**Work task**
Would you return exactly the lines from the top of the data below through the one containing "I visited Yachiho", leaving out the pictures?

[Collected data]
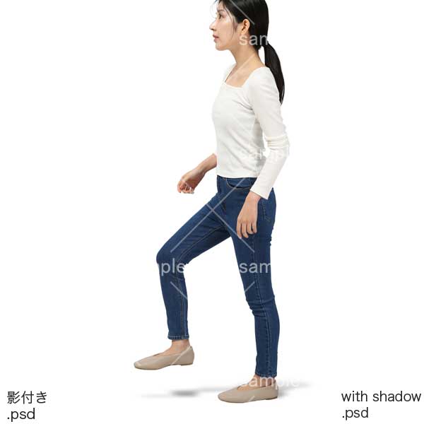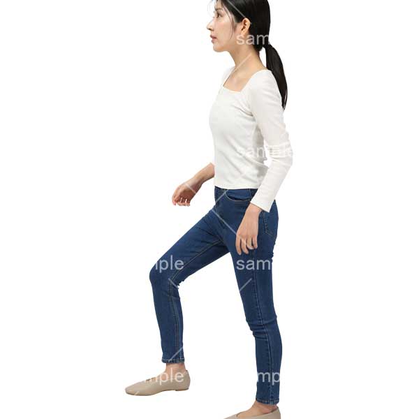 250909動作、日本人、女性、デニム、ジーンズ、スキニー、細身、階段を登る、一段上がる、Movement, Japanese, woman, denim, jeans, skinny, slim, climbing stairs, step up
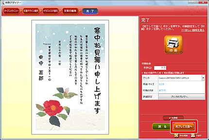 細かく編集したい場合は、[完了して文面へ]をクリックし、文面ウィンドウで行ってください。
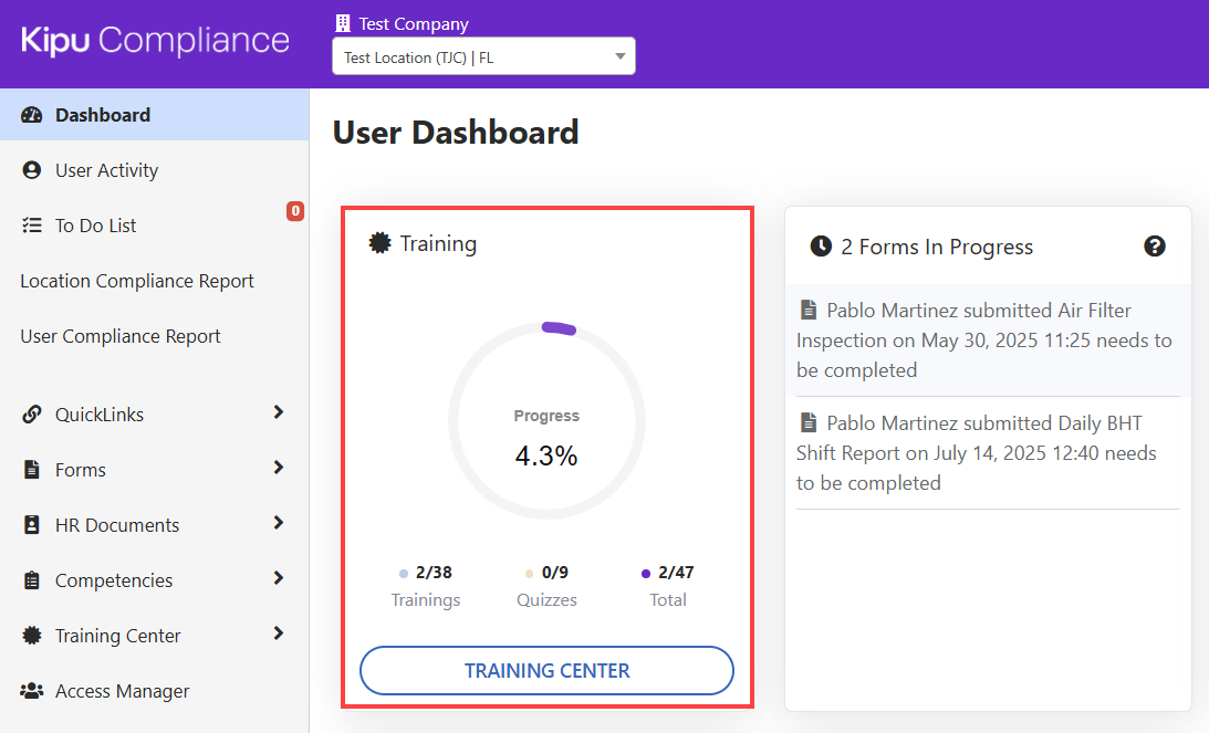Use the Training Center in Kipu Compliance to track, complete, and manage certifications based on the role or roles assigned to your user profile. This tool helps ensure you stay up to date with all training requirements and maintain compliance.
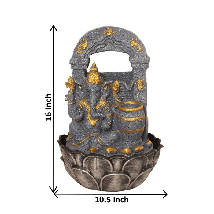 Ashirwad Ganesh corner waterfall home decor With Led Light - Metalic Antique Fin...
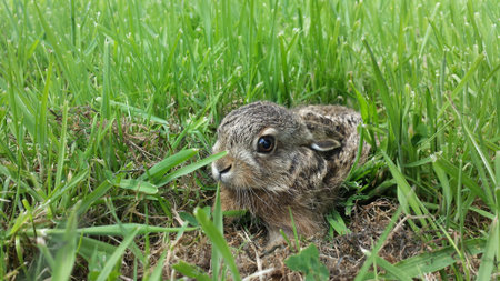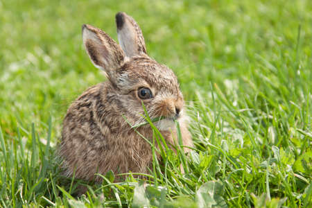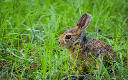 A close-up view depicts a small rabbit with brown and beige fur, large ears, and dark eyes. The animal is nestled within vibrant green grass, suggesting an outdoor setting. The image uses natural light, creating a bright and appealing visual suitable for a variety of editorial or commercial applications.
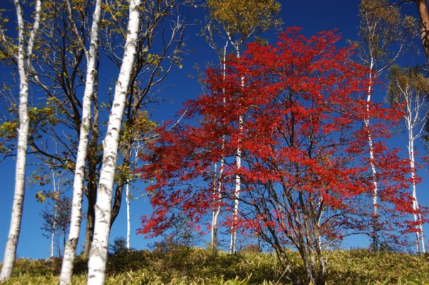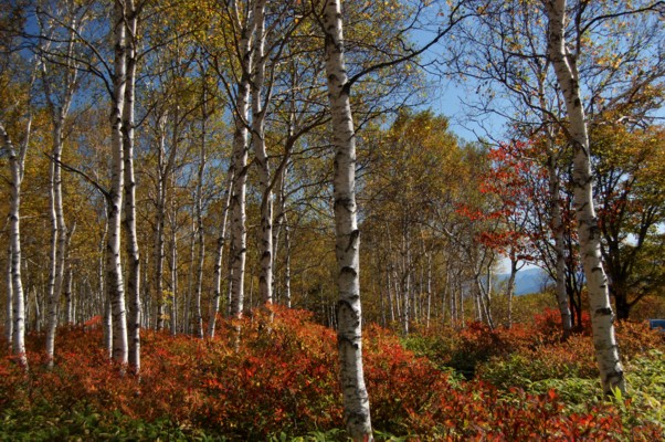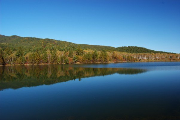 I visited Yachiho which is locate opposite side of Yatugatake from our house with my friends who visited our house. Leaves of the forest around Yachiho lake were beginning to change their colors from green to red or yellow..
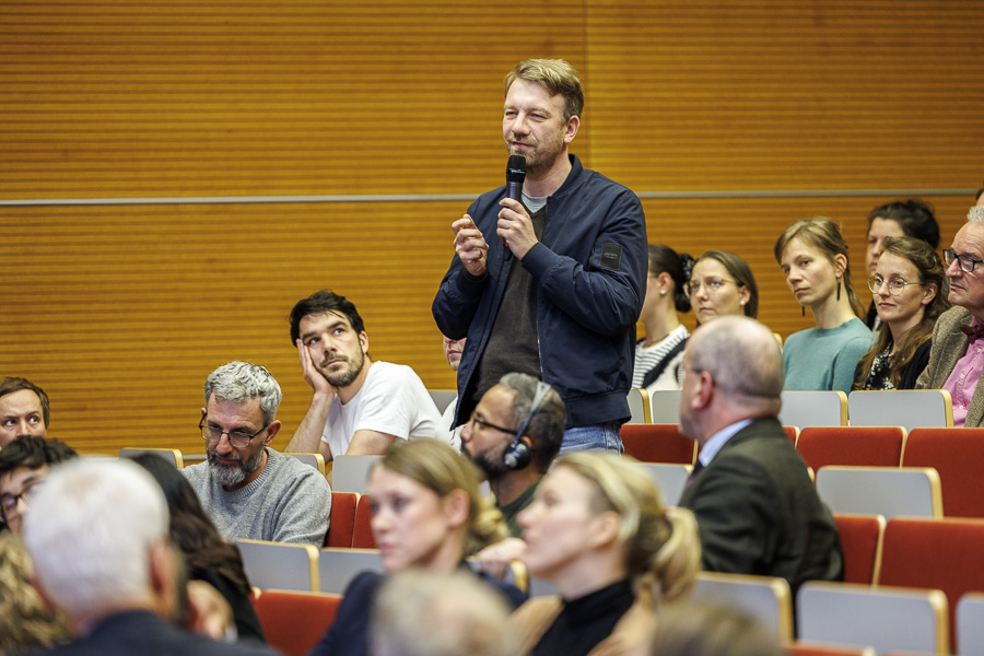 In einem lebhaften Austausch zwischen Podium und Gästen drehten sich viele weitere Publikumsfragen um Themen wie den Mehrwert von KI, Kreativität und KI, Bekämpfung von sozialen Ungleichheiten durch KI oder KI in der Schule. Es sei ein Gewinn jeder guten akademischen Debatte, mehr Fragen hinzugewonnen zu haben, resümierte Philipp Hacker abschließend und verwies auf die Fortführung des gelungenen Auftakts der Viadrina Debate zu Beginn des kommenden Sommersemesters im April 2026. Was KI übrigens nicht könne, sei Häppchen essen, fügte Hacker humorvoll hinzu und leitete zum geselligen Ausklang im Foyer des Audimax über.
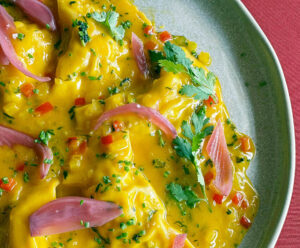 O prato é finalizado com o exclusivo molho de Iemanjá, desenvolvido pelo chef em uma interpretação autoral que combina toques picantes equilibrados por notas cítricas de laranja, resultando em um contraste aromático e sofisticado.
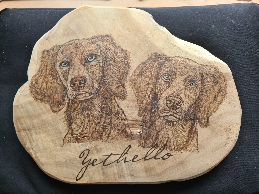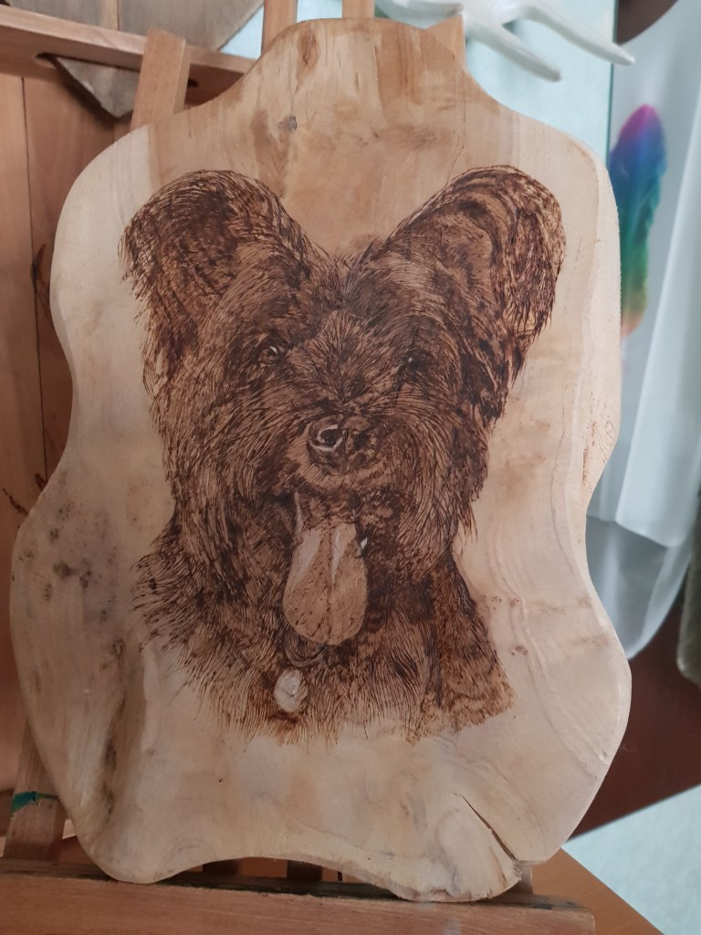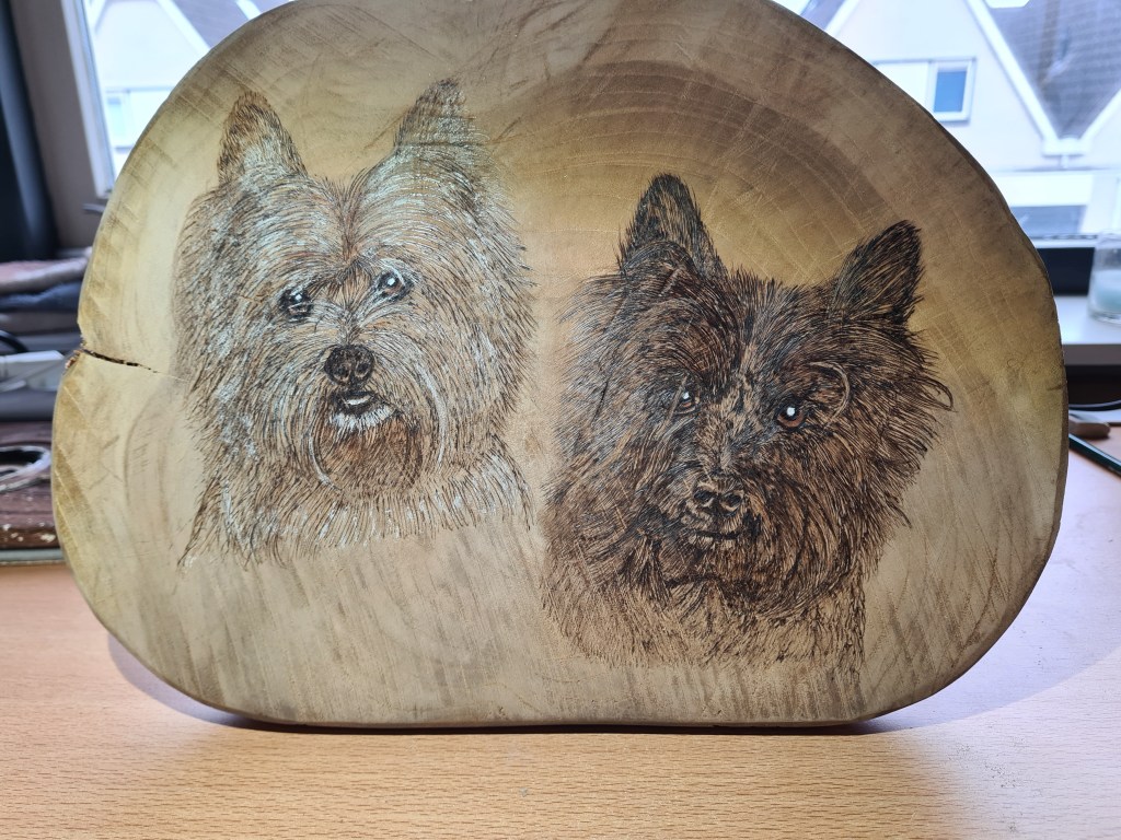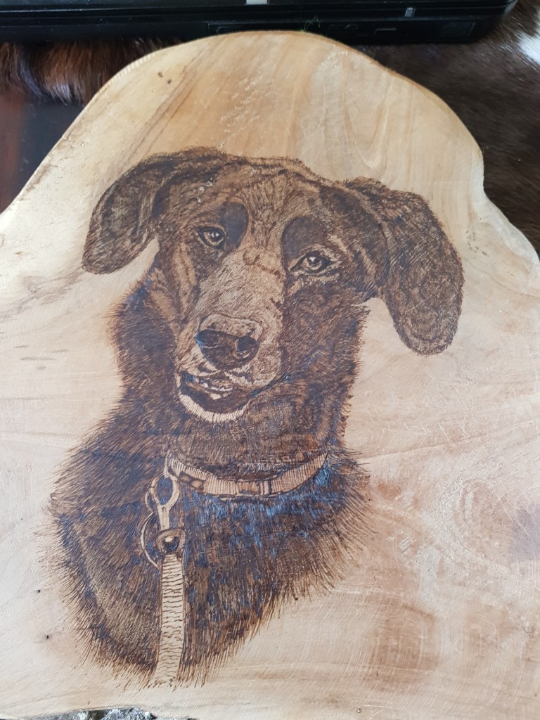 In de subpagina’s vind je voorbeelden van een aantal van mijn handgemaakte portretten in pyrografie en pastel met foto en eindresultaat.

**Answer box**
 250909動作、日本人、女性、デニム、ジーンズ、スキニー、細身、階段を登る、一段上がる、Movement, Japanese, woman, denim, jeans, skinny, slim, climbing stairs, step up
 細かく編集したい場合は、[完了して文面へ]をクリックし、文面ウィンドウで行ってください。
Use the Training Center in Kipu Compliance to track, complete, and manage certifications based on the role or roles assigned to your user profile. This tool helps ensure you stay up to date with all training requirements and maintain compliance.
 Ashirwad Ganesh corner waterfall home decor With Led Light - Metalic Antique Fin...
 A close-up view depicts a small rabbit with brown and beige fur, large ears, and dark eyes. The animal is nestled within vibrant green grass, suggesting an outdoor setting. The image uses natural light, creating a bright and appealing visual suitable for a variety of editorial or commercial applications.
 I visited Yachiho which is locate opposite side of Yatugatake from our house with my friends who visited our house. Leaves of the forest around Yachiho lake were beginning to change their colors from green to red or yellow..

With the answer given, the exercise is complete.